И Пантелей молчал, опасаясь нарушить воспоминания стариков. Он многое раньше слышал, а что-то впервые рассказывают. Не любят старики вспоминать войну. Особенно при людях не разговаривали. А вот так, как сейчас, присядут на крылечке, прислонятся друг к дружке, нахохлятся, словно воробышки, и беседуют, дополняют, и всё неторопливо так, над каждым словом задумывались, а Пантелей рядышком пристроится и старался не потревожить стариков ни словом, ни движением. Всё ждал, когда они продолжат или, наоборот, прервут воспоминания и всё на этом.
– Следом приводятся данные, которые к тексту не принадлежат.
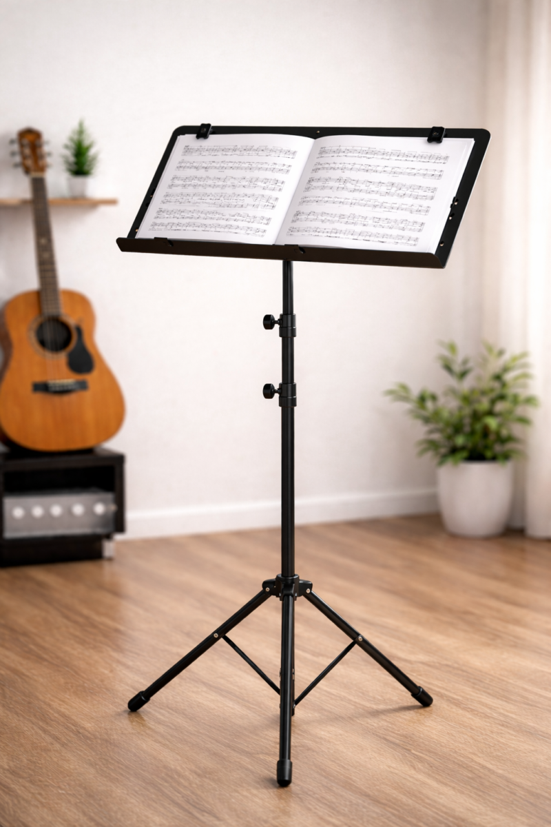 Height‑adjustable, portable stand engineered to support multiple sheets of music, large music books, scores, or binders for musicians of all skill levels — from beginners to professionals. These stands typically feature a wide desk/tabletop which provides ample space for extended scores or multiple pages side‑by‑side, and an adjustable tripod or telescoping shaft that lets players perform comfortably while seated or standing. Durable metal construction and foldable design make them ideal for use in rehearsals, practice spaces, classrooms, band rooms, or stage performances.

И не допросишься, чтобы рассказали про ту жизнь, которую он знал лишь с чужих слов да со слов стариков.
– Я устроилась дояркой, а потом меня в бригадиры выбрали – бойкая была, – продолжила вспоминать старуха. – Володька сидел дома. Никуда не выходил. Не хотел пугать других своим видом. И так соседи косо посматривали, а ребятня, та стороной обходила нашу избу – бабайку боялись, как Володьку прозвали. Вот ему и приходилось скрываться ото всех. Дома сидел да по хозяйству ковырялся, сколько силы хватало. Да и какой из него помощник – с одной рукой? Вторая-то плетью висела. Весь испсихуется, изматерится, потом побросает инструмент и сидит, курит одну за другой. Злится, что не получается. Вернусь с работы и сама начинаю делать. А его на подхвате держала. Всё приходилось делать: землю копала, отростки сажала, урожай собирала, если было что собрать, избу латала. А куда денешься? Жить-то нужно. И потихонечку Володьку приучала одной рукой управляться, – и неожиданно рассмеялась, взглянув на мужа. – Научила на свою голову…
Старик нахмурился, если можно так назвать гримасу на обожжённом лице, хотел было что-то сказать, а потом отвернулся, словно его не касалось.
Посмотрев на него, Пантелей взглянул на старуху.
– Чему научила, Гелюшка? – сказал он. – Что учудил дядька?
– В том-то и дело, что учудил, – опять засмеялась старуха и подтолкнула мужа. – Что отворачиваешься, Вовка? Признайся Пантюше, что натворил.
– Скоро на погост снесут, а до сей поры вспоминаешь, – буркнул он, продолжая смотреть куда-то в сторону и, не удержался, съязвил: – Видать, по нраву пришлось, ежли не забываешь…
– Ты знаешь, Пантюша, мы же расписались с ним через год, как сюда приехали, – сказала бабка Ангелина и кивнула, поправляя платок. – И в сельсовет пошли после того, как он…
– Эть, ну бабы! – перебивая, опять забубнил старик. – Не языки, а помело поганое! Ничем не остановишь.